= Bernadette Sands McKevitt =

Irish republican activist

Bernadette Sands McKevitt (born in November 1958) is an Irish republican activist and a founding member of the 32 County Sovereignty Movement.

==Early life==

She lived in the mainly loyalist Rathcoole area of Newtownabbey before her family were forced out of their home, when they moved to republican West Belfast. She is the younger sister of Provisional Irish Republican Army (IRA) hunger striker Bobby Sands.

==Personal life==
Her husband was Michael McKevitt, the Quartermaster General of the Provisional IRA and later a founding member of an anti-Good Friday Agreement splinter group commonly known as the Real Irish Republican Army. The couple had three children together and lived in Dundalk in the Republic of Ireland.

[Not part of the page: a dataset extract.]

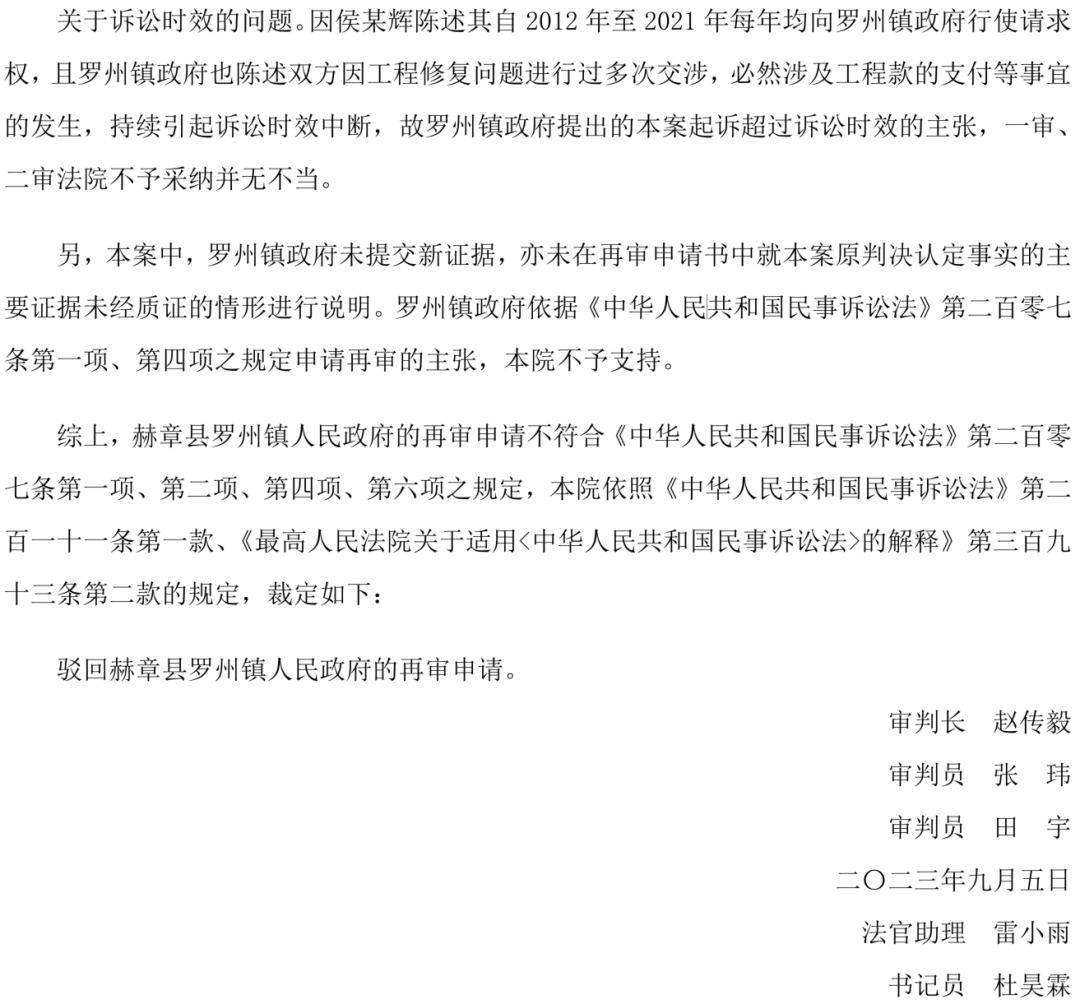 贵州法院驳回镇政府诉讼时效抗辩的判决书
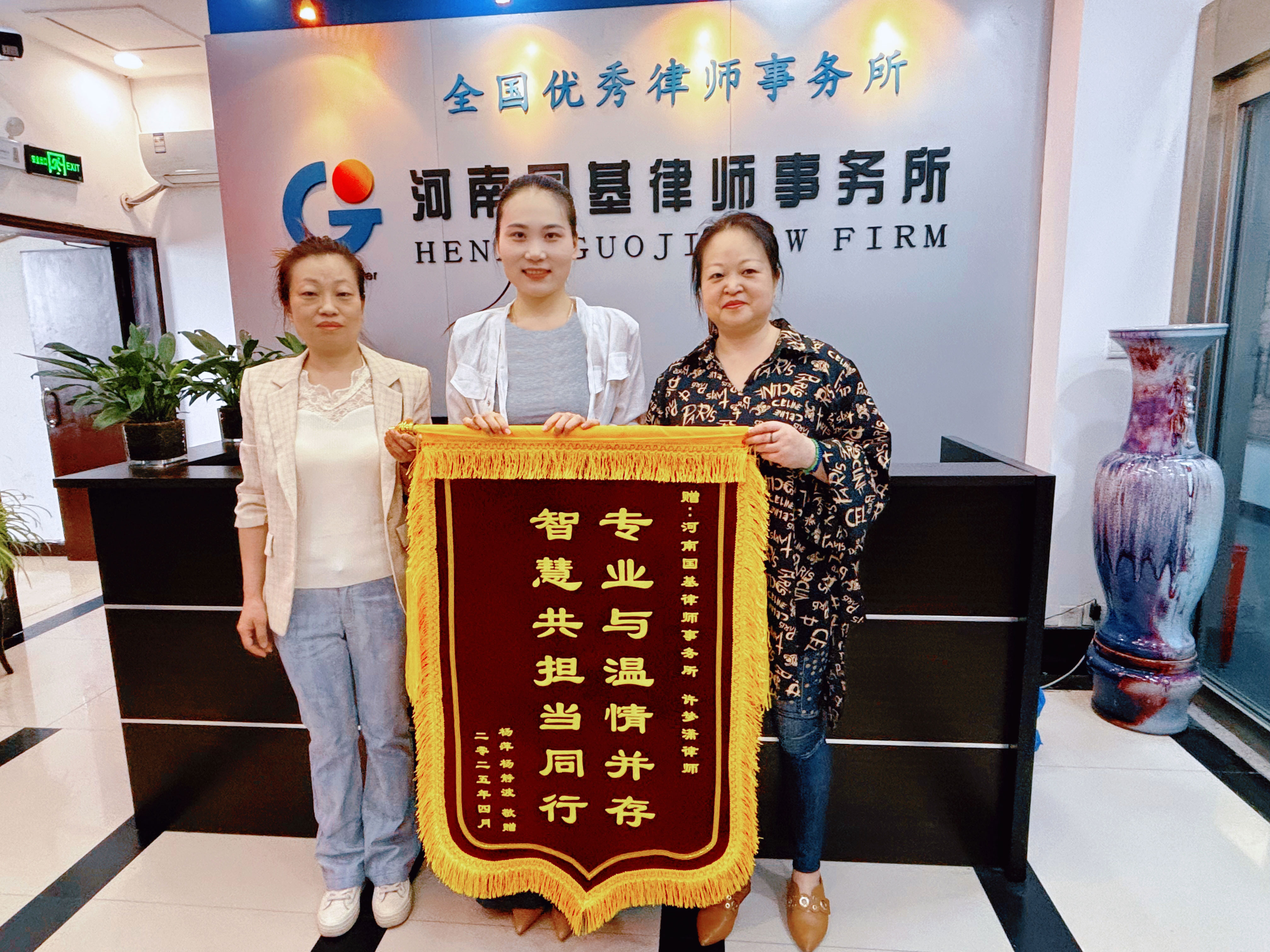 11、4月14日,河南国基律师事务所婚姻家事与财富传承部姚艳君、薛婷婷律师收到委托人送来的锦旗。姚律师、薛律师办理的一起民间借贷案件,通过收集案件证据、制定调解方案,于庭审前促成双方达成调解协议。案件进入执行阶段后,通过查找财产线索,与当事人、法官多轮沟通,最终达成执行和解。委托人专程送来锦旗表示感谢。

Following the Omagh bombing of 1998, Sands McKevitt received hostile messages while running her t-shirt printing business in Dundalk, which, as she related, traumatised her and led to her calling a local priest for support. The locals ostensibly forced her and her husband out of business, though both of them strongly denied having anything to do with the attack in Omagh. In March 2001, Sands McKevitt and her husband were arrested by the Gardaí in Dundalk in an investigation on paramilitary activities, but were not charged. In 2003, McKevitt was sentenced to twenty years in prison in the Republic of Ireland, under the Offences Against the State Act; he was released some thirteen years later, in early 2016. In June 2009, McKevitt was one of four men found by a civil court to be liable for the Omagh bombing in a case taken by relatives of the victims. McKevitt died in January 2021 after a long battle with cancer, which was first diagnosed while he was still in prison, and was buried with the coffin draped in the tricolor but without any paramilitary presence. Subsequent statements by an FBI/MI5 agent planted inside the Real IRA claim that McKevitt was indeed culpable of making the bomb but that it was handed to the Continuity IRA men who were supposed to plant it somewhere else, away from civilians. The agent, David Rupert, living under witness protection in the US, stated that McKevitt was "very upset" with the resulting carnage, though soon after the group "licked its wounds" and moved on.